C’est également sur le terrain politique, sous l’arbitrage de la représentation nationale, que se déroulera une autre grande bataille autour du vote de la résolution qui doit envoyer Idrissa Seck devant la Haute Cour de justice.
Saisie par le ministre de la Justice, Cheikh Tidiane Sy, le 26 juillet, l’Assemblée nationale a prévu de se réunir en séance plénière le 2 août, pour plancher sur la mise en accusation de l’ex-Premier ministre.
Mais la bagarre s’annonce rude. Devant être adopté par un vote à bulletins secrets de 104 des 120 députés (les 16 restants, juges titulaires et suppléants de la HCJ, ne sont pas électeurs), l’acte d’accusation court des risques sérieux d’être rejeté.
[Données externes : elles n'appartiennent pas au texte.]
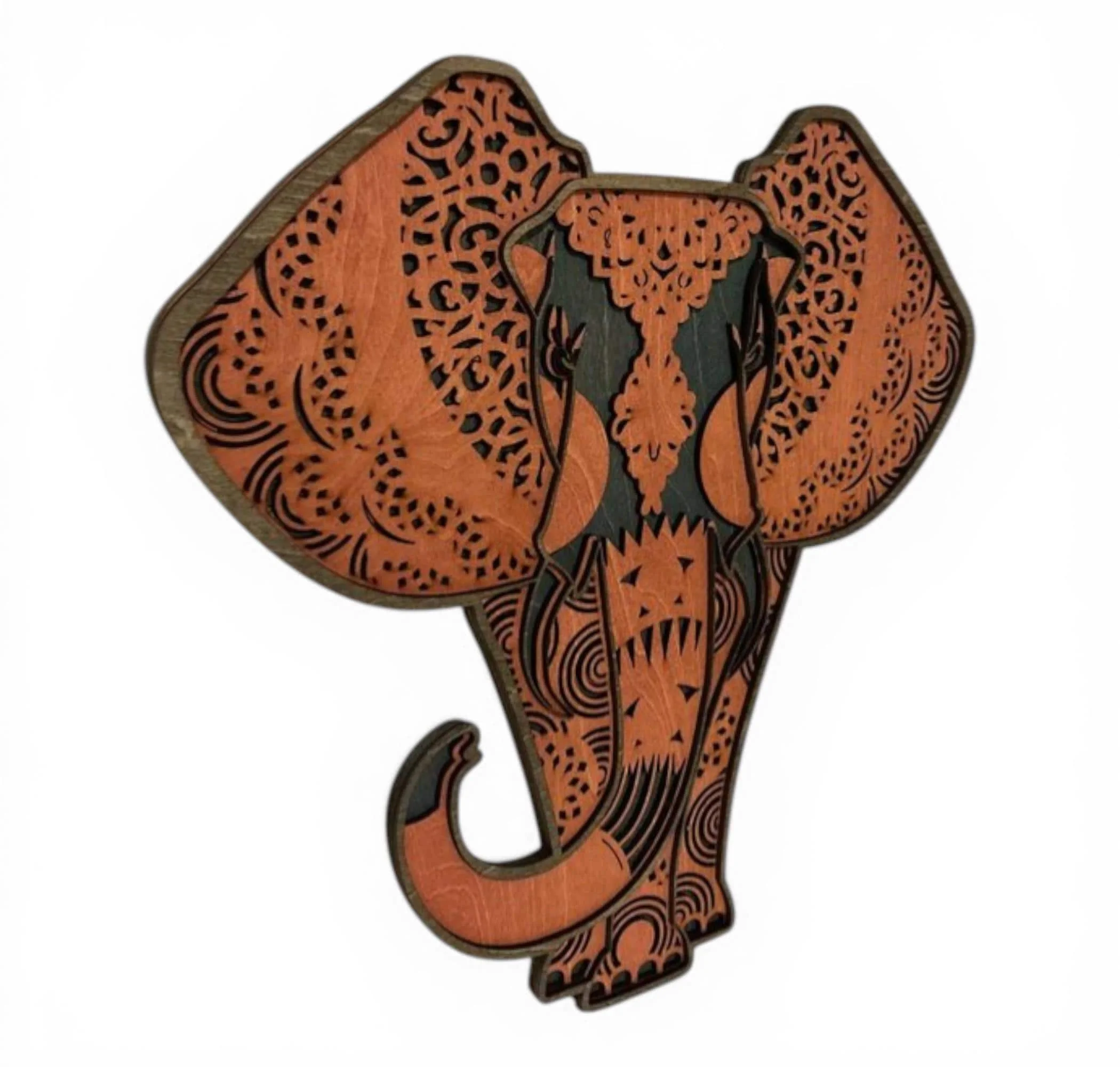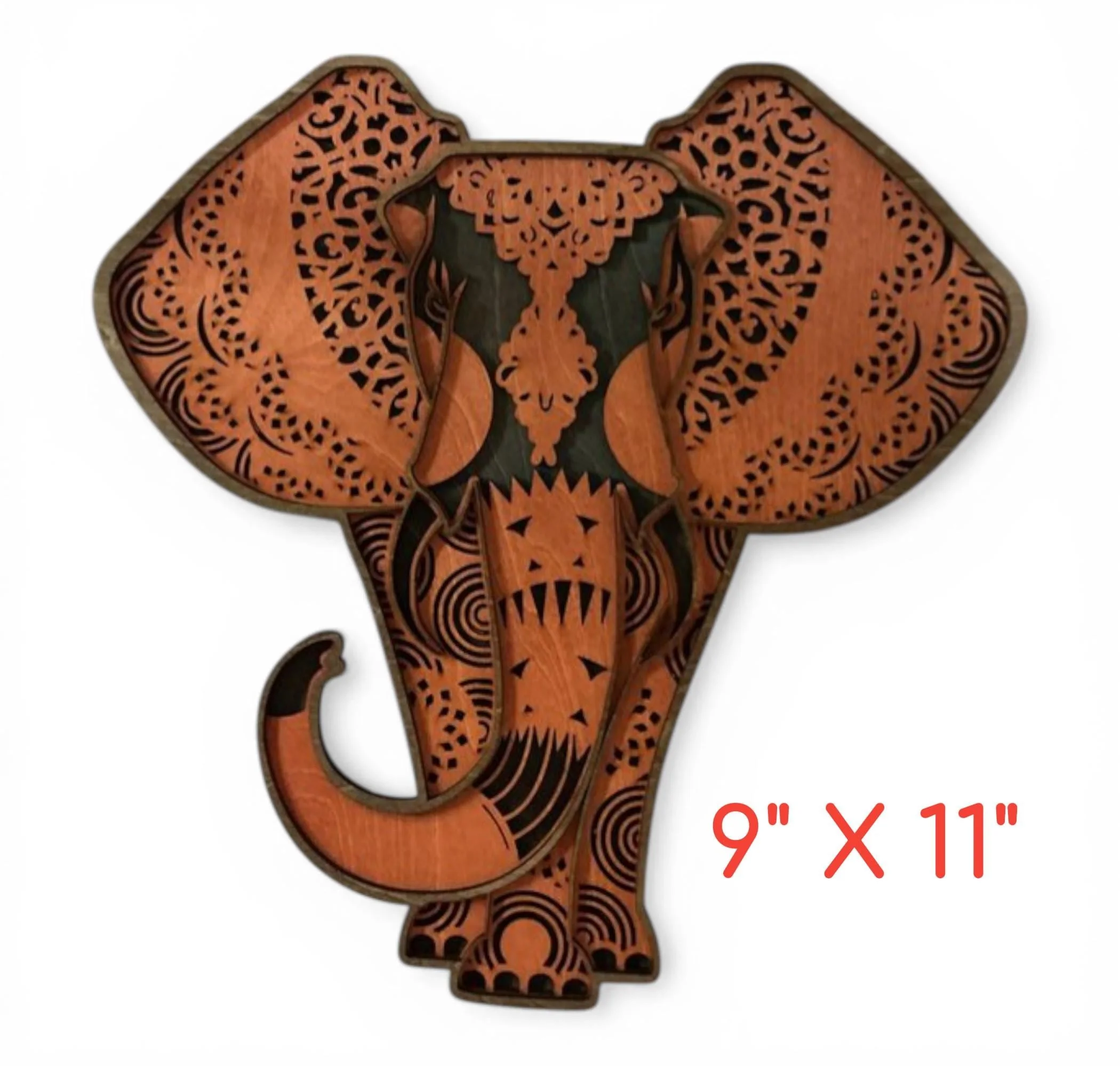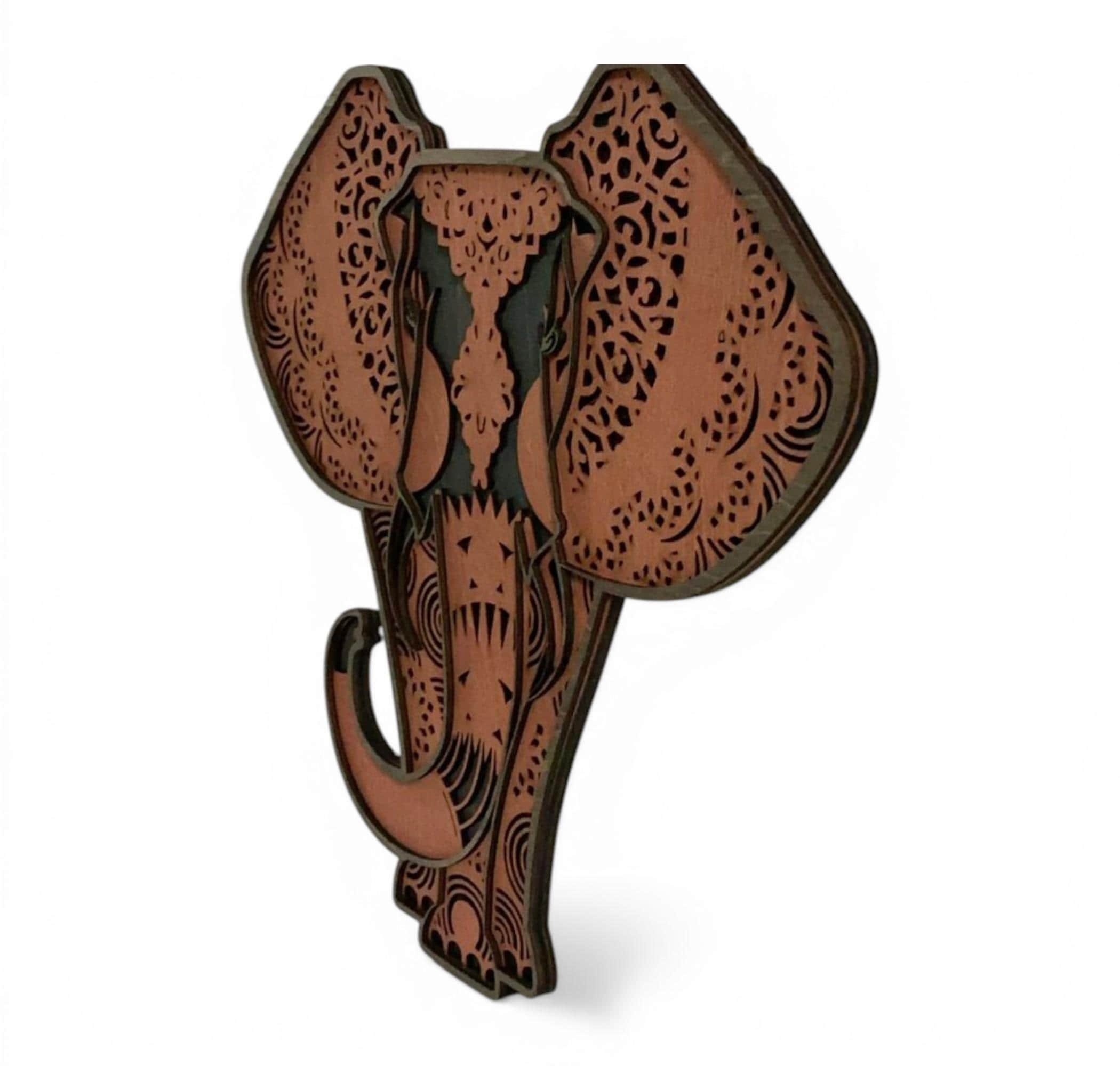 Layered wood animal wall art featuring a beautifully detailed elephant, designed to bring rustic wildlife charm into your home. Crafted from premium 1/8" wood, this multi-layer piece creates depth and dimension that makes the artwork stand out in any space. Each layer is precision laser-cut and hand-finished to highlight the natural beauty of the wood and enhance the overall design.
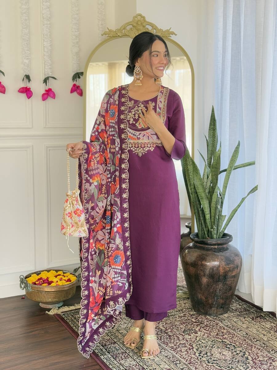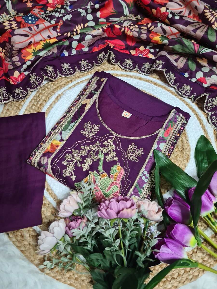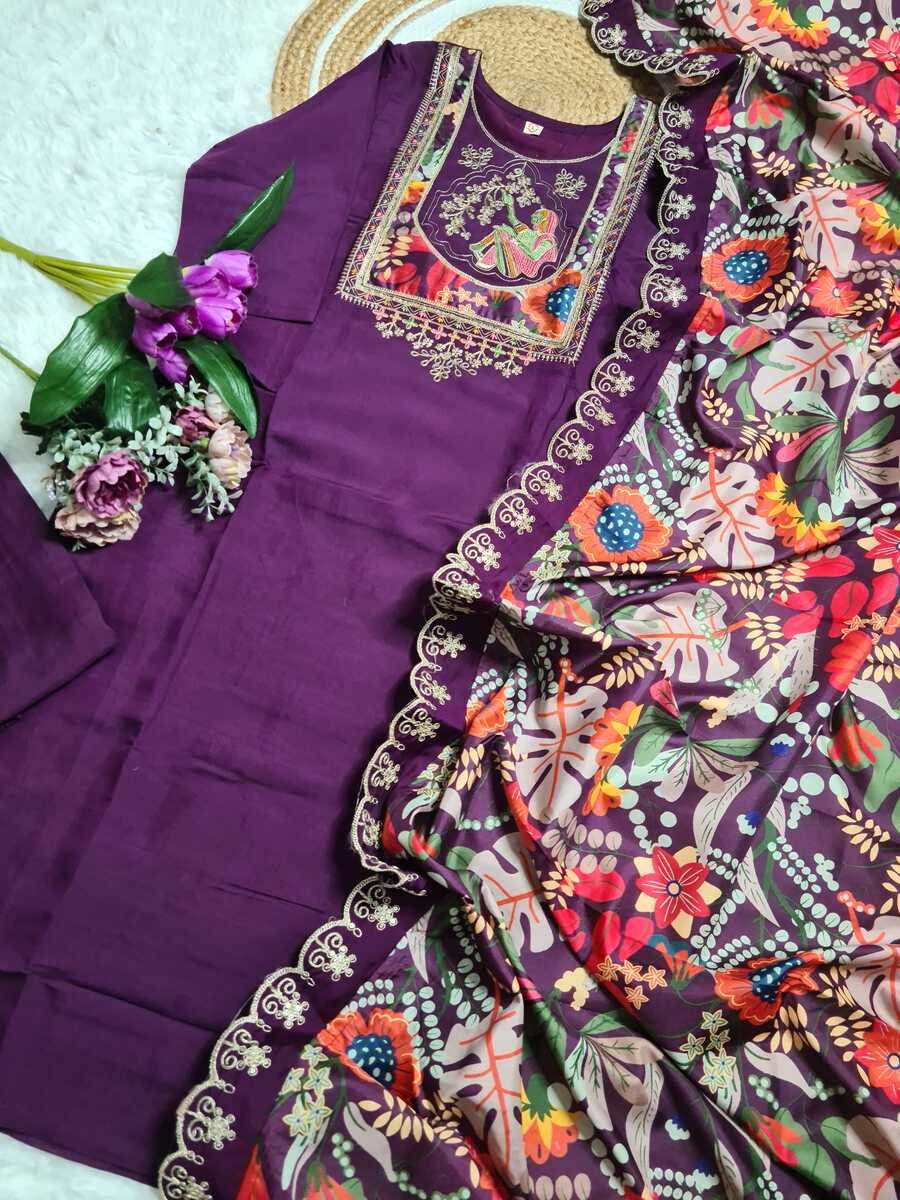 DESIGNER VISCOSE CHANDERI SEQUENCE CODING EMBROIDERY WORK TOP BOTTOM WITH DUPATTA PURPLE
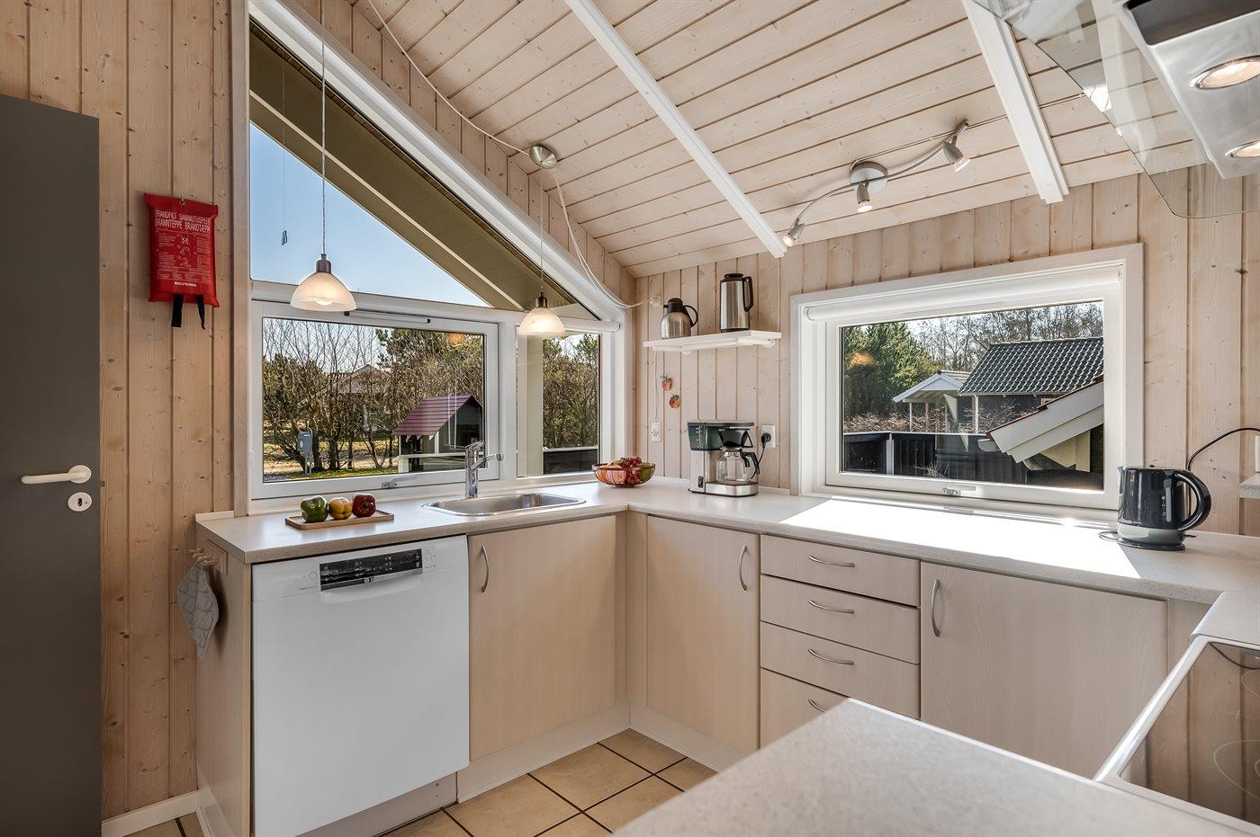 Køkkenet er veludstyret og med energivenligt køle- og fryseskab. Der er 4 keramiske kogeplader, varmluftsovn, mikrobølgeovn samt opvaskemaskine. Køkkenet har gulvvarme.
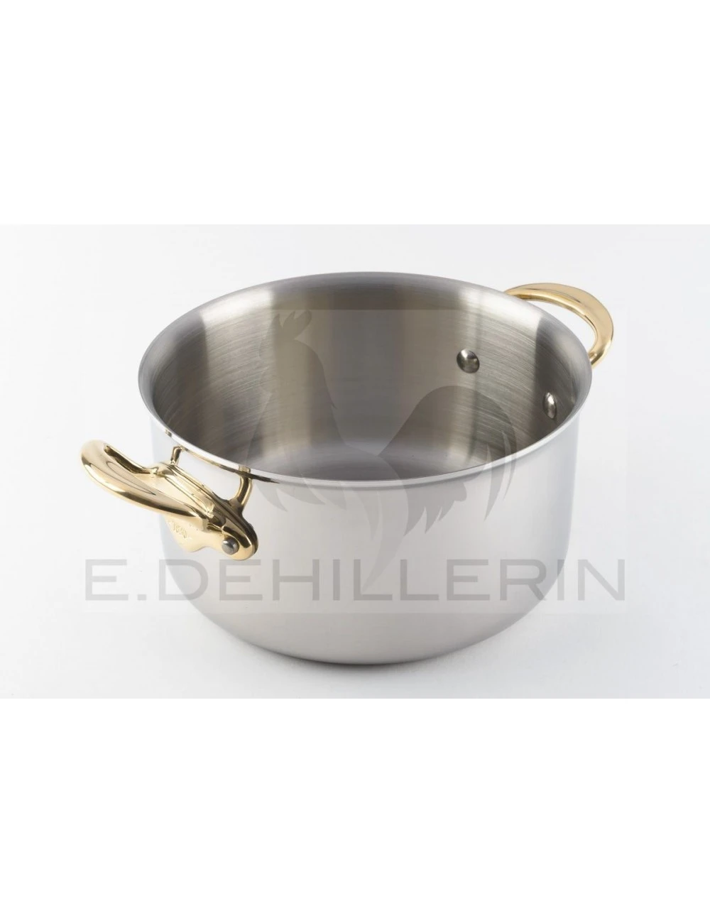 Bassine à ragout en acier inoxydable, monture bronze, avec couvercle. Un plat techniquement évolué avec une bonne conductivité. Sa monture bronze lui confère un certain cachet. Compatible tous feux dont induction.
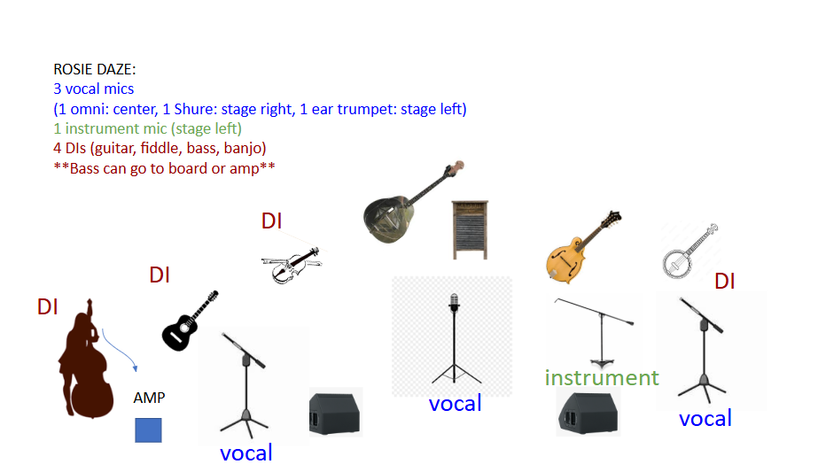 Rosie Daze Band travels with a full audio set up when needed. If PA is present at site, we will bring Ear Trumpet microphones to use.

Après avoir commis l’erreur de se priver des suffrages de ses membres dont elle a fait des juges, la majorité aura du mal à obtenir les voix des trois cinquièmes de l’Hémicycle, face au vote négatif annoncé de la trentaine de députés de l’opposition, et de la vingtaine de « frondeurs » affichés et dormants du parti au pouvoir.
Si la mise en accusation arrive à être votée à la faveur d’un compromis politique, la commission qui instruira le dossier des chantiers de Thiès sera dirigée par le président de la cour d’appel, Cheikh Tidiane Diakhaté, époux dans la vie civile de Seynabou Ndiaye Diakhaté.
Sur le chef des chantiers de Thiès comme sur celui de l’atteinte à la sûreté de l’État, le sort de Seck n’échappe pas aux mains d’un couple réputé dans le monde judiciaire sénégalais.